■ Provided records:
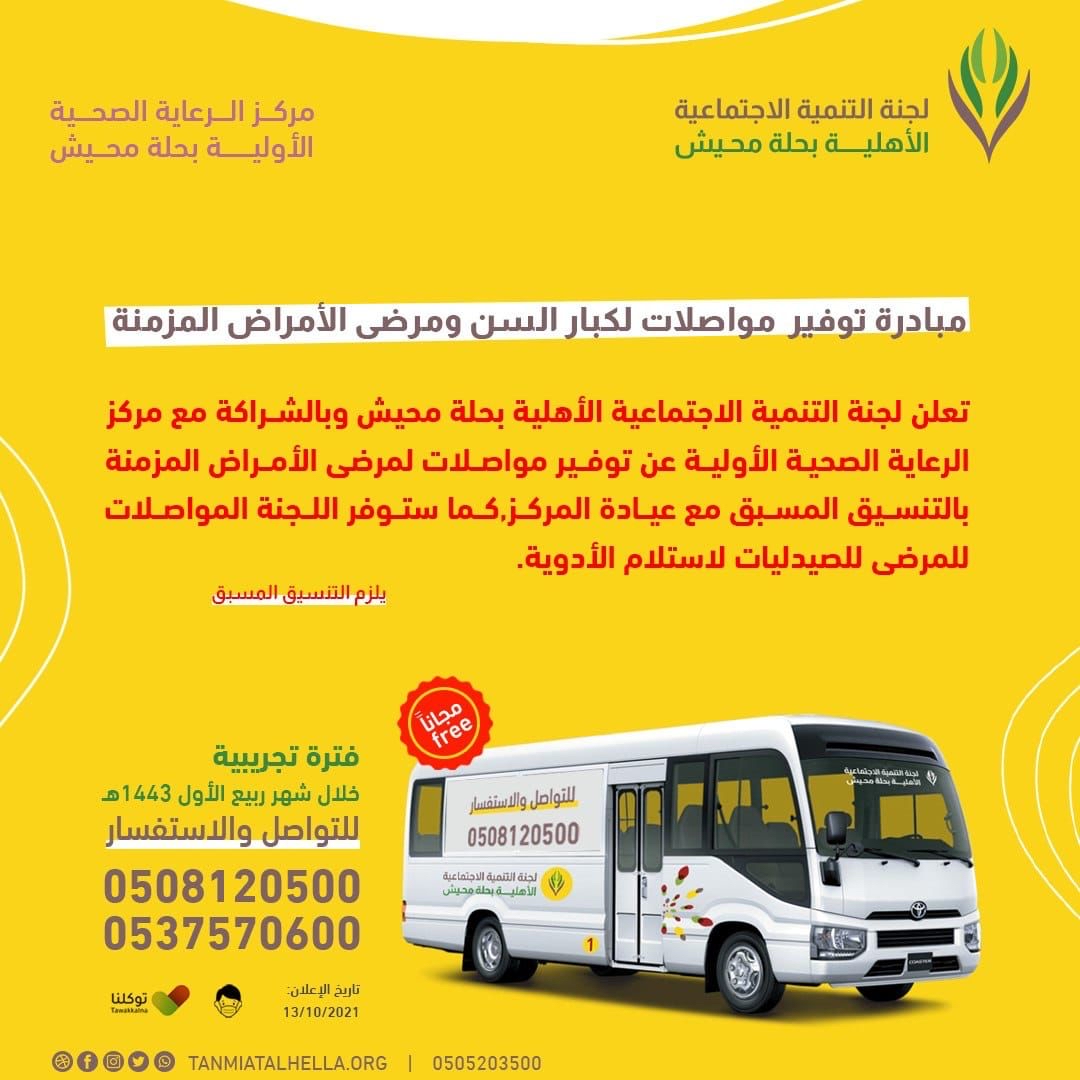 أعلنت لجنة التنمية الاجتماعية الأهلية بحلة محيش، توفير مواصلات مجانية لمرضى الأمراض المزمنة من كبار السن، الذين لا تتوفر لديهم وسيلة مواصلات، وذلك بالتنسيق المسبق مع عيادة المركز، وبالشراكة مع مركز الرعاية الصحية الأولية.
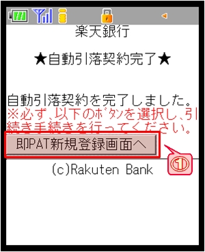 「即PAT新規登録画面へ」 自動引落契約手続きを終え、即PAT新規登録手続に戻る場合は「即PAT新規登録画面へ」を押して下さい。即PATの新規登録手続画面に戻ります。 ※「即PAT新規登録画面へ」を押さないと、正しく登録手続きが行えない場合がありますのでご注意下さい。
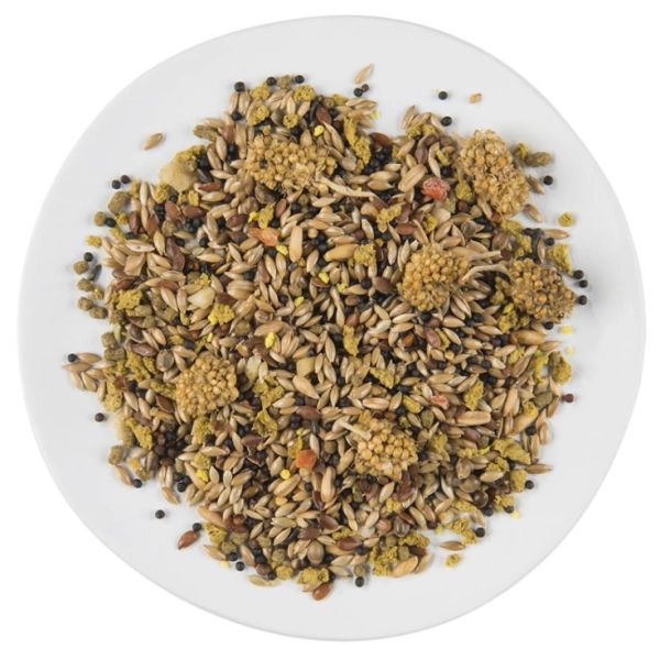 Semená (2 % proso, 2 % ľanové semeno, 2 % chia semeno), obilniny, vedľajšie produkty rastlinného pôvodu, minerálne látky, ovocie (1 % banán), oleje a tuky, zelenina, vajcia a vaječné výrobky (0,2 %).
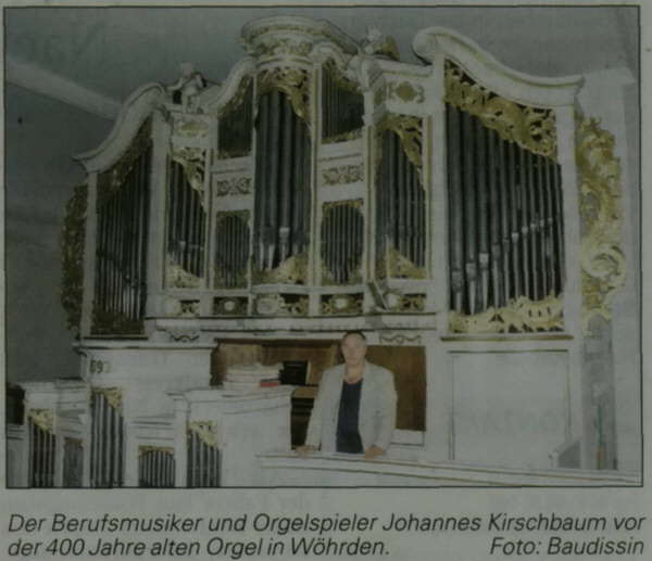 Die Orgel wurde von Orgelbauer Anthonius Wilde 1593, drei Jahre vor Scheidemanns Geburt, fertig gestellt und ist bis heute im Aussehen unverändert geblieben - aber nicht in der Technik, denn von den 33 klingenden Registern stammen nur noch 13 aus dem Herstellungsjahr. Die Wöhrdener Orgel, in Augen und Ohren der Musikkenner ein Juwel, gehört zu den ältesten noch spielbaren Instrumenten der Welt. Kirschbaum: „Sie ist die beste für Barockmusik geeignete Orgel." Die Wöhrdener Kirche ist für ihn ein ebenso guter Konzertraum wie der Meldorfer Dom.
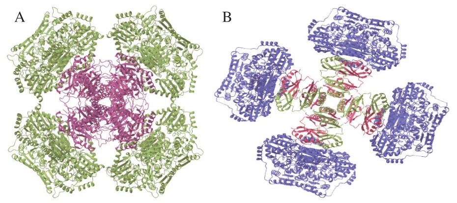 Fig. 3 Structure of Saccharomyces cerevisiae AHAS holoenzyme (A)and structure of Arabidopsis thaliana AHAS holoenzyme (B)[20]
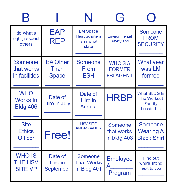 This bingo card has 25 words: Free!, Someone That Works In Bldg 401 _________, Someone From ESH ________, WHO IS THE HSV SITE VP ________, Someone FROM SECURITY ________, do what’s right, respect others __________, Someone that works in facilities ________, EAP REP ______, HRBP _____, HSV SITE AMBASSADOR ___________, WHO’S A FORMER FBI AGENT _________, WHO Works In Bldg 406 ________, Someone that works in bldg 403 ________, Someone Wearing A Black Shirt ________, BA Other Than Space ________, Find out who's sitting next to you ___________, What BLDG Is The Workout Facility Located In ___________, LM Space Headquarters is in what state ___________, What year was LM formed ________, Date of Hire in July _________, Date of Hire in August _________, Date of Hire in September _________, Site Ethics Officer ________, Environmental Safety and ____________ and Employee A_______ Program.
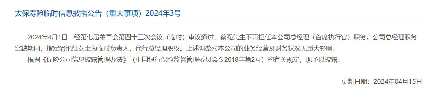 4月15日,太保寿险在官网发布临时信息披露公告称,2024年4月1日,经第七届董事会第四十三次会议(临时)审议通过,蔡强先生不再担任本公司总经理(首席执行官)职务。公司总经理职务空缺期间,指定潘艳红女士为临时负责人,代行总经理职权。上述调整对本公司的业务经营及财务状况无重大影响。
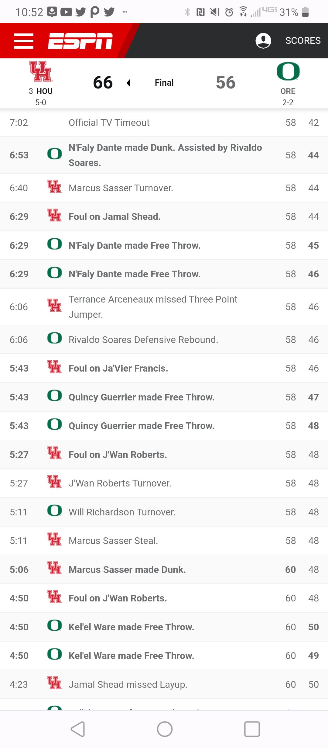 Do we get Oregon back here in Houston next year? We played our opening game at Fertitta against the Ducks but now have played them twice on the road and once more in a tourney last year.
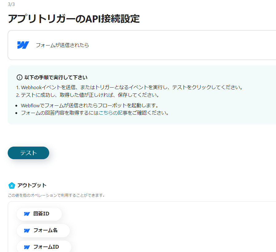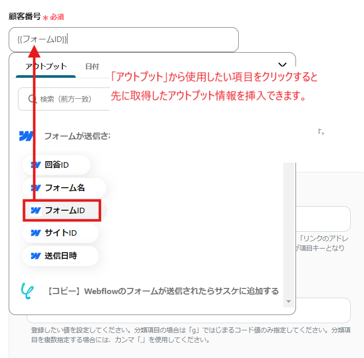 アプリ登録ができていると、Webflowのアウトプット情報を活用し、必要に応じて候補から選択して入力します。
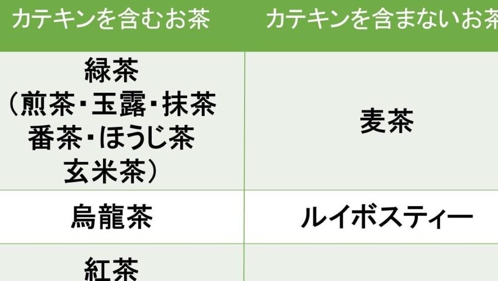 - 運動後、水分補給として最適です。カテキンが含まれ、疲労回復に効果的です。
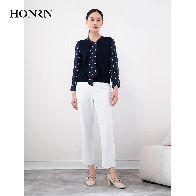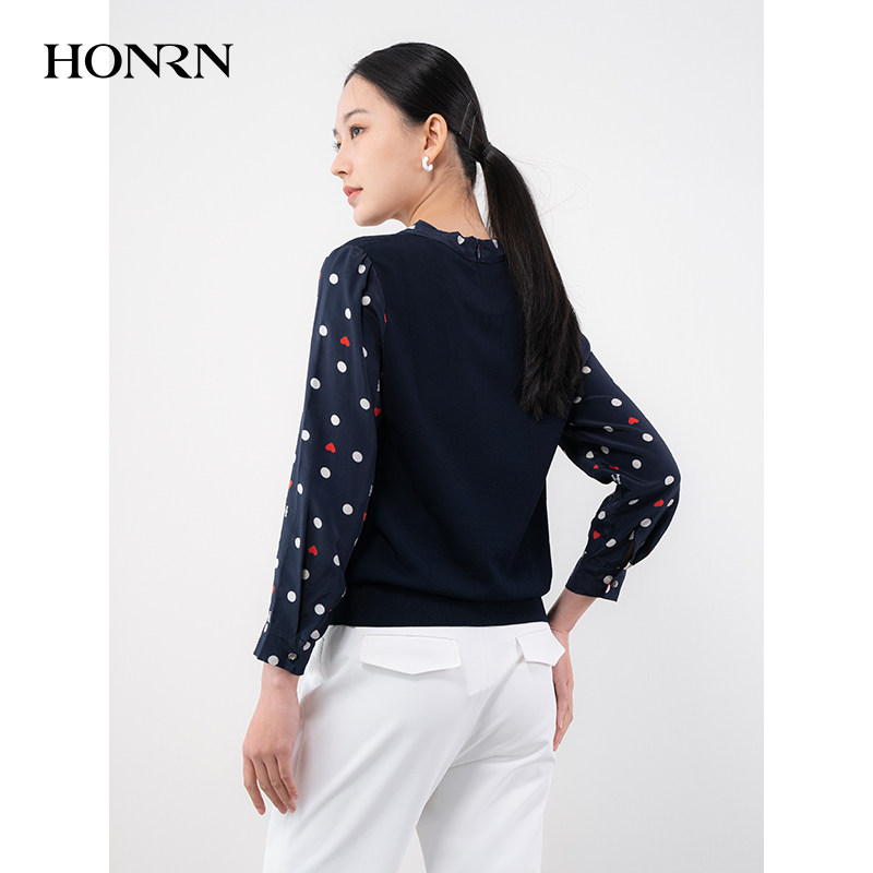 套头针织衫 HONRN 长袖 领口系带短款 上衣女春秋HH11OM678 红人修身
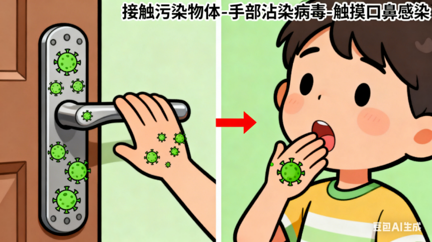 接触传播:孩子在学校共用玩具、餐具、学习用品,或在家庭中接触被患者污染的门把手、桌面等,手上沾到病毒后再摸口鼻,就容易让病毒“趁虚而入”。
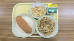 小型玄米パン 牛乳 焼きうどん ベジタブルチップス
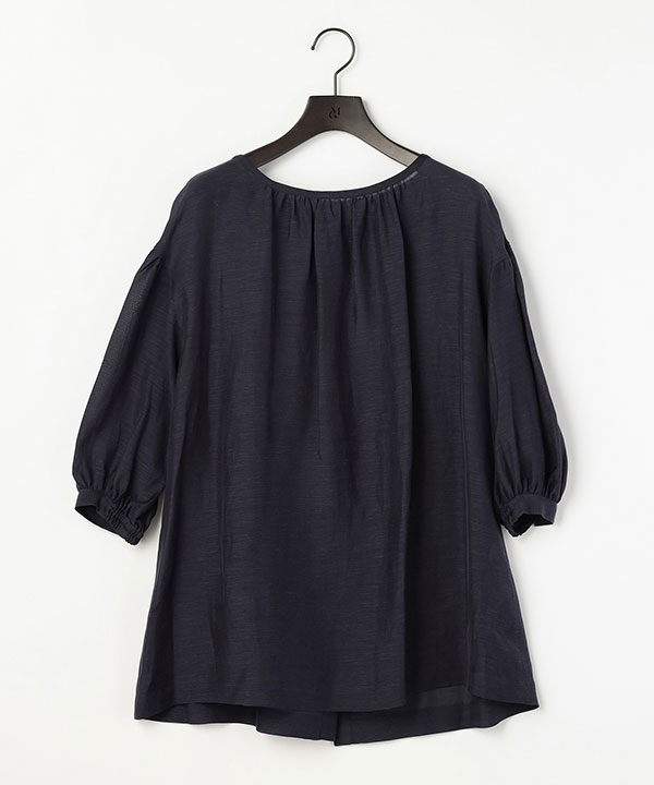 襟ぐりと袖にギャザーの入った麻素材のボリュームブラウスは、
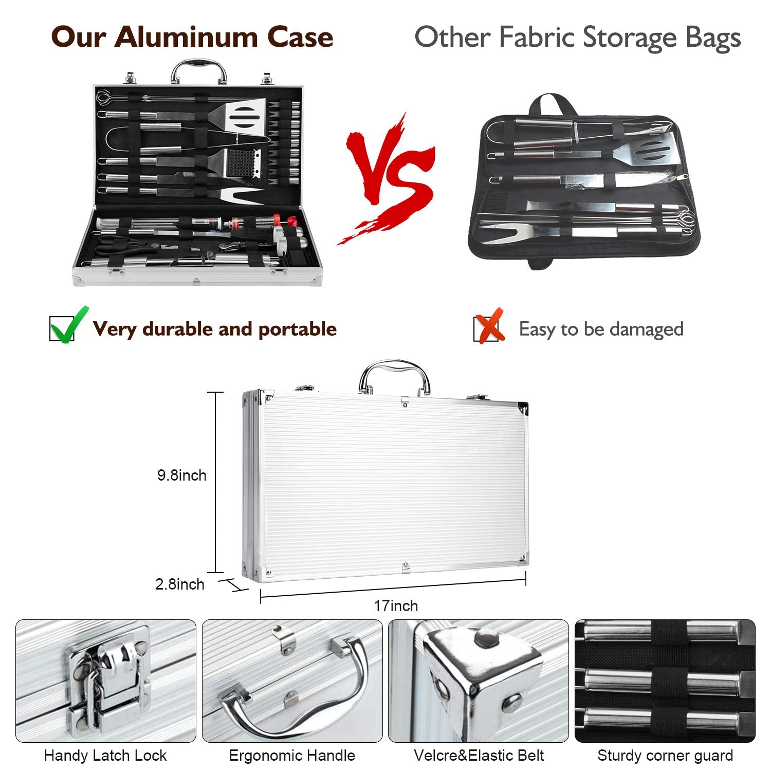 - 【Portable and Convenient Aluminum Case】Birald grill tools set comes with a delicate aluminum case for easy of storage and carry. The velcro locks each tool in a neat position, so you could easily keep all the barbecue tools neatly organized and get better protected in the portable aluminum case. The lightweight aluminum case is easy to carry which is ideal for camping or picnic.

■ What you will do:
Please return exactly the lines above, from where the listing starts to the line holding "Fig. 3 Structure", inclusive, with the pictures omitted.

■ Task output:
 أعلنت لجنة التنمية الاجتماعية الأهلية بحلة محيش، توفير مواصلات مجانية لمرضى الأمراض المزمنة من كبار السن، الذين لا تتوفر لديهم وسيلة مواصلات، وذلك بالتنسيق المسبق مع عيادة المركز، وبالشراكة مع مركز الرعاية الصحية الأولية.
 「即PAT新規登録画面へ」 自動引落契約手続きを終え、即PAT新規登録手続に戻る場合は「即PAT新規登録画面へ」を押して下さい。即PATの新規登録手続画面に戻ります。 ※「即PAT新規登録画面へ」を押さないと、正しく登録手続きが行えない場合がありますのでご注意下さい。
 Semená (2 % proso, 2 % ľanové semeno, 2 % chia semeno), obilniny, vedľajšie produkty rastlinného pôvodu, minerálne látky, ovocie (1 % banán), oleje a tuky, zelenina, vajcia a vaječné výrobky (0,2 %).
 Die Orgel wurde von Orgelbauer Anthonius Wilde 1593, drei Jahre vor Scheidemanns Geburt, fertig gestellt und ist bis heute im Aussehen unverändert geblieben - aber nicht in der Technik, denn von den 33 klingenden Registern stammen nur noch 13 aus dem Herstellungsjahr. Die Wöhrdener Orgel, in Augen und Ohren der Musikkenner ein Juwel, gehört zu den ältesten noch spielbaren Instrumenten der Welt. Kirschbaum: „Sie ist die beste für Barockmusik geeignete Orgel." Die Wöhrdener Kirche ist für ihn ein ebenso guter Konzertraum wie der Meldorfer Dom.
 Fig. 3 Structure of Saccharomyces cerevisiae AHAS holoenzyme (A)and structure of Arabidopsis thaliana AHAS holoenzyme (B)[20]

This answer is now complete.